## Exercise brief
Repeat the lines of the data exactly and exclude any picture among them.

## Data provided
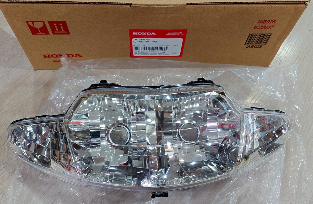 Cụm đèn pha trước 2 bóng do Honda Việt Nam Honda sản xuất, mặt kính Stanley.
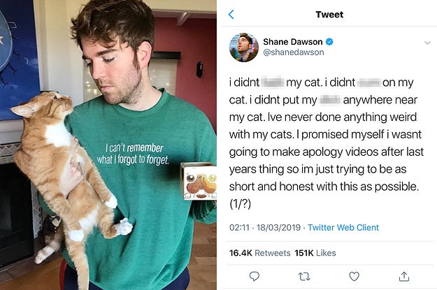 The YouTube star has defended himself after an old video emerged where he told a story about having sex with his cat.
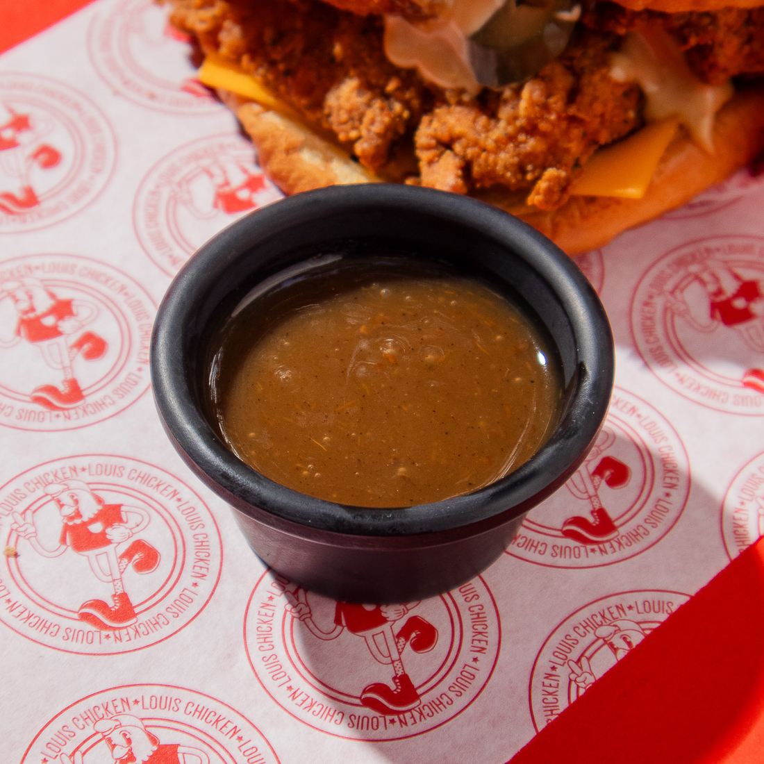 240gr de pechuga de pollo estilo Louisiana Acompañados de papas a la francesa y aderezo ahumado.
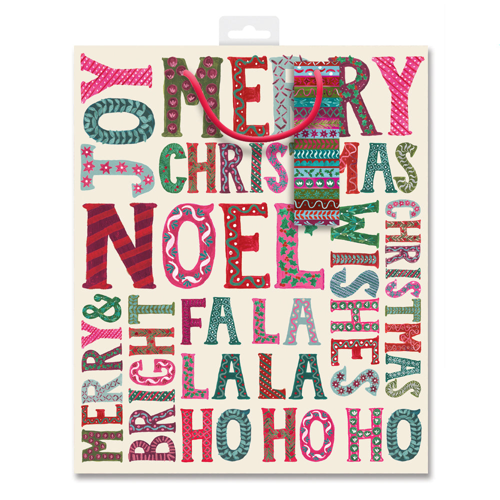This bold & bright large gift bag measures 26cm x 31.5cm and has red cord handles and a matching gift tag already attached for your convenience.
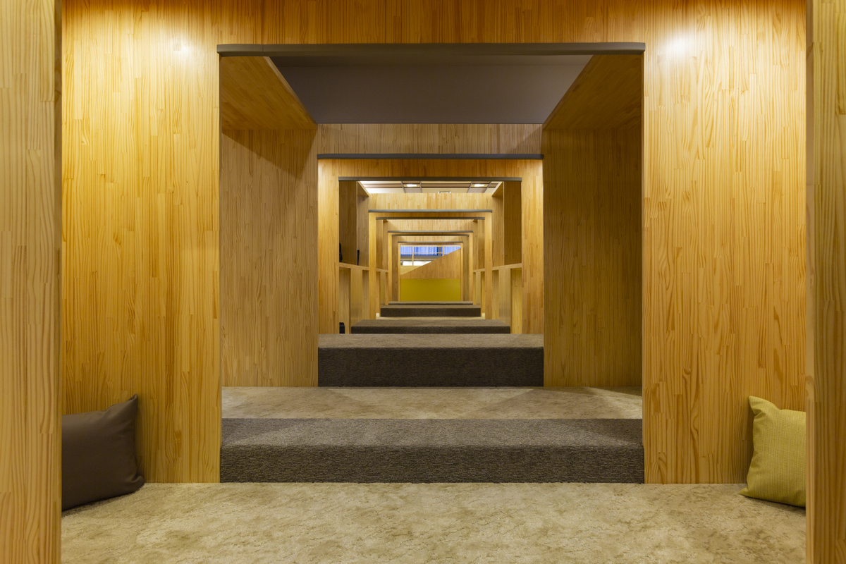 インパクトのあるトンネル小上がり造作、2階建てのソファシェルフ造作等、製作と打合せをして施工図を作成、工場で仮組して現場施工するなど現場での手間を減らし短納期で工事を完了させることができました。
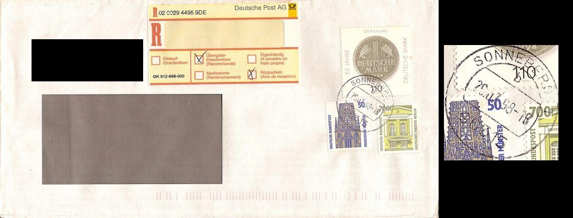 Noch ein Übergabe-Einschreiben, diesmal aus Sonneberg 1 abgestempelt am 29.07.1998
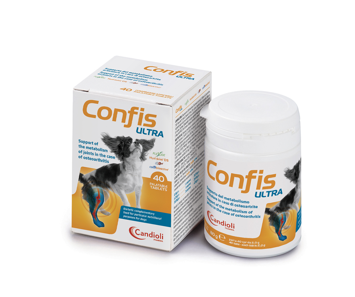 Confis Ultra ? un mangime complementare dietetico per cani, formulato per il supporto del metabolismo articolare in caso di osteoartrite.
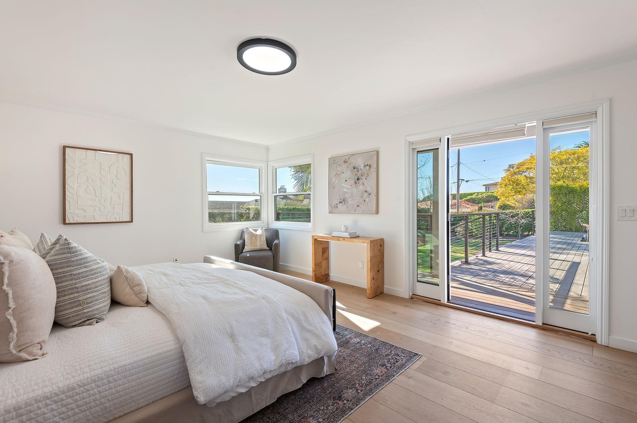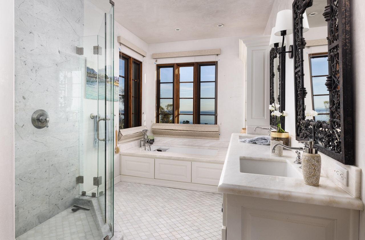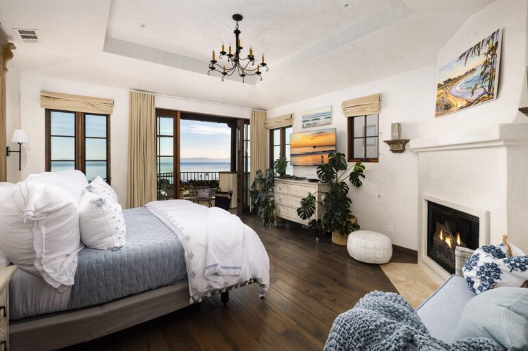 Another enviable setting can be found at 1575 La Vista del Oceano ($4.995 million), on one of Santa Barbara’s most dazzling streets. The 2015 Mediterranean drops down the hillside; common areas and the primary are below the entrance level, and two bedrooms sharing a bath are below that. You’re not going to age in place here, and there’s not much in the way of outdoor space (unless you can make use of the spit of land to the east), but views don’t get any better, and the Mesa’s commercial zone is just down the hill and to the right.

## Reply to the exercise
 Cụm đèn pha trước 2 bóng do Honda Việt Nam Honda sản xuất, mặt kính Stanley.
 The YouTube star has defended himself after an old video emerged where he told a story about having sex with his cat.
 240gr de pechuga de pollo estilo Louisiana Acompañados de papas a la francesa y aderezo ahumado.
This bold & bright large gift bag measures 26cm x 31.5cm and has red cord handles and a matching gift tag already attached for your convenience.
 インパクトのあるトンネル小上がり造作、2階建てのソファシェルフ造作等、製作と打合せをして施工図を作成、工場で仮組して現場施工するなど現場での手間を減らし短納期で工事を完了させることができました。
 Noch ein Übergabe-Einschreiben, diesmal aus Sonneberg 1 abgestempelt am 29.07.1998
 Confis Ultra ? un mangime complementare dietetico per cani, formulato per il supporto del metabolismo articolare in caso di osteoartrite.
 Another enviable setting can be found at 1575 La Vista del Oceano ($4.995 million), on one of Santa Barbara’s most dazzling streets. The 2015 Mediterranean drops down the hillside; common areas and the primary are below the entrance level, and two bedrooms sharing a bath are below that. You’re not going to age in place here, and there’s not much in the way of outdoor space (unless you can make use of the spit of land to the east), but views don’t get any better, and the Mesa’s commercial zone is just down the hill and to the right.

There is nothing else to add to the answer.